Getting from data to insight – best practices in data analytics

Survey after survey tells us that organisations are still struggling to fully leverage big data to get to insight and data driven decision making, despite investing billions in data analytics. One major commonly overlooked reason for this is the difficulty of bridging the gap between pure data analysis and actionable insight.

The gap between data analysis and insight

Getting to insights is challenging because it requires both the science of data analytics and the art of data storytelling. Data storytelling for insight goes beyond pure data analysis since it involves communication tailored to an audience, such as a decision maker. It also goes beyond pure analysis because it must incorporate factors which the data alone cannot reveal no matter how much analysis is applied, such as idiosyncratic knowledge, uncertainty and even intuition.

The challenge of leveraging big data

A recent report by CapGemini The Rise of Insight Driven Business highlighted the importance of using data analytics and insights for action to drive business growth. Yet in an extensive survey they also found that only 27% of senior executives believed their big data initiatives were successful. The survey highlighted data silos and found that 52% of executives believed the IT development process constrained their ability to quickly create insights.

Of course, it is not data or technology alone that constrains insight, but the inability to find the right people who are able to leverage it. As KMPG found in their global 2015 CIO Survey, 36% of technology leaders suffer from a shortage of big data analytics skills, higher than any other function asked about, and also high on the list, 29% say they are short of business analysis skills.

Clearly getting from data to insights is not easy and needs investment in technology and people. But can the lack of investment alone fully explain why organisations are struggling to create data driven businesses? What happens when you have the data and the systems in place, but the actionable insight still feels thin on ground?

Telling stories with data

As Google have reminded us, data analysis is not about graphics and visualisations, it is about telling a story. This means identifying the audience and speaking to their aspirations and concerns. Too many data analysts and analytic platforms create more information from data without clear direction as to precisely why the recipient, the decision maker, should be interested, and what they should do with it.

There is no shortage of data: organisations are drowning in it. Unfocused and poorly communicated analysis just adds more fuel to fire, more information for the time poor executive to navigate as they try to pinpoint what actions to take. Bridging the gap has to be about tailoring the analysis the needs of business decision makers. It is also about making sure the complexities of analysis are made easy to grasp and compelling, and essential points breakthrough for those who need to know. This is data storytelling.

Insight often requires a leap in the dark

For data storytelling to work you need a receptive audience and many rightly stress the importance the creating a data driven culture (for example this post by McKinsey and this one by PWC). Typically the move to data driven culture is understood as move away from decision based on gut instinct and opinion. However as anyone who has tried to use predictive modelling for business forecasting will know, often it is impossible to remove all uncertainty and to resolve the decision problem you have without making some very big assumptions and relying on intuition.
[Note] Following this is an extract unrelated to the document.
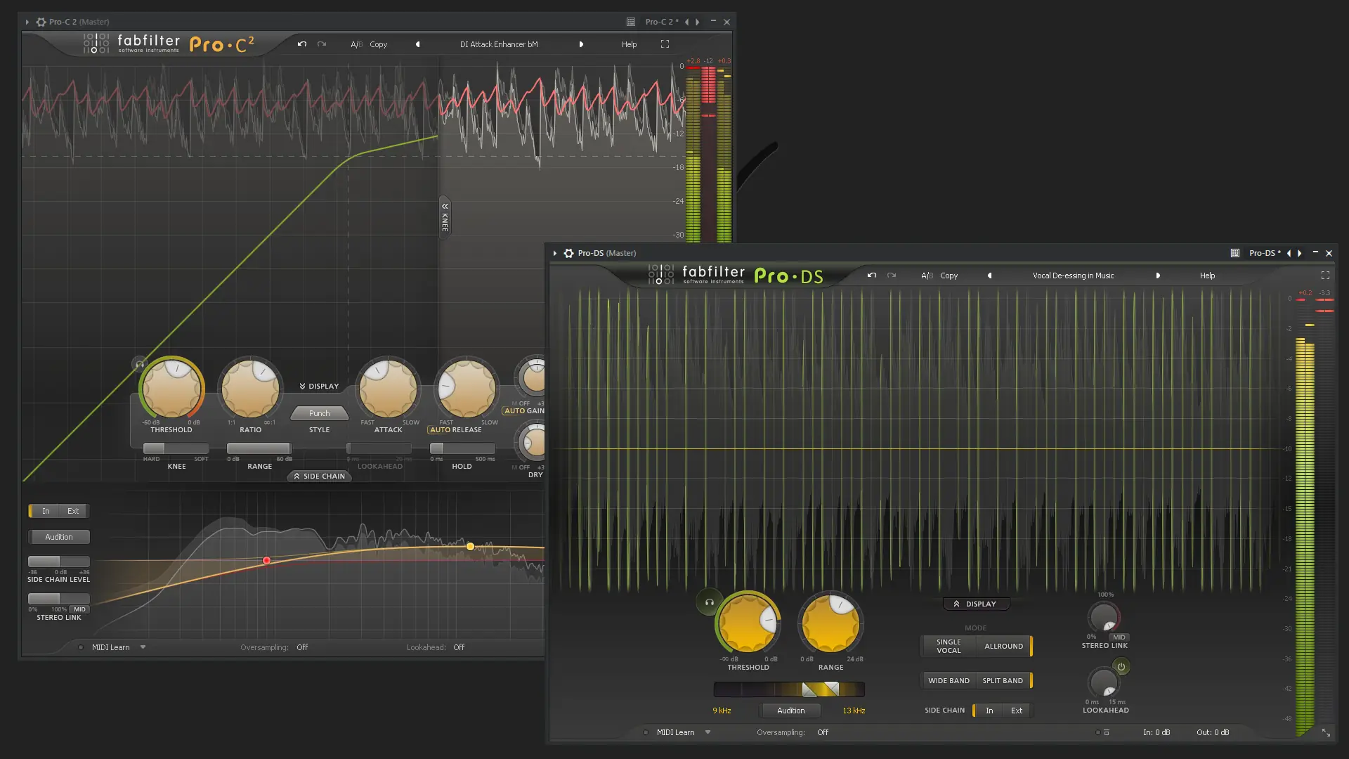 Использование плагинов FabFilter предполагает интеграцию в цифровую аудиостанцию через форматы VST3, AU или CLAP. Интерфейсы построены вокруг интерактивных графиков, позволяя изменять параметры перетаскиванием, напрямую на кривой отклика. Например, в эквалайзере Pro-Q 3 можно добавлять полосы щелчком по графику, настраивать динамическую маску и применять линейную фазу. Компрессоры поддерживают гибкие цепи сайдчейна, многополосную обработку и точную визуализацию атаки и релиза. Работа с ревербератором Pro-R включает настройку времени затухания по частотам и импорт импульсных откликов в формате FLAC. Все плагины поддерживают масштабирование интерфейса и сохранение пользовательских пресетов.

In fact, data analysis and intuition are not mutually exclusive means to making smart choices, rather organisations must be comfortable with exploring problem solving from all angles and understand the limitations as well as the opportunities inherent in their data. Blind adherence to the dictates of data analysis which is patchy, has a margin of error or which cannot be generalised, may be even more dangerous than ignoring data altogether. A post by MIT Technology Review makes this point very well, notably in respect of risky decision making for innovation.

Summing up: Seven steps to get from data to insight

No online article is complete today without a list to summarise the thinking, so here goes – the first four are widely advocated as essential, while the fifth, sixth and seventh are about bridging the data to insight gap –

  1. Integrate your data
  2. Accelerate big data technology
  3. Invest in smart people
  4. Communicate insight by creating data stories
  5. Tailor your analysis to your business goals
  6. Drive for a data driven culture
  7. Tolerate some intuition and uncertainty

So, there it is, in just seven easy to understand steps. In practice it will take years and is ongoing process. Getting from data to insight is a major overhaul of how your organisation behaves, requiring commitment, imagination and effort at all levels.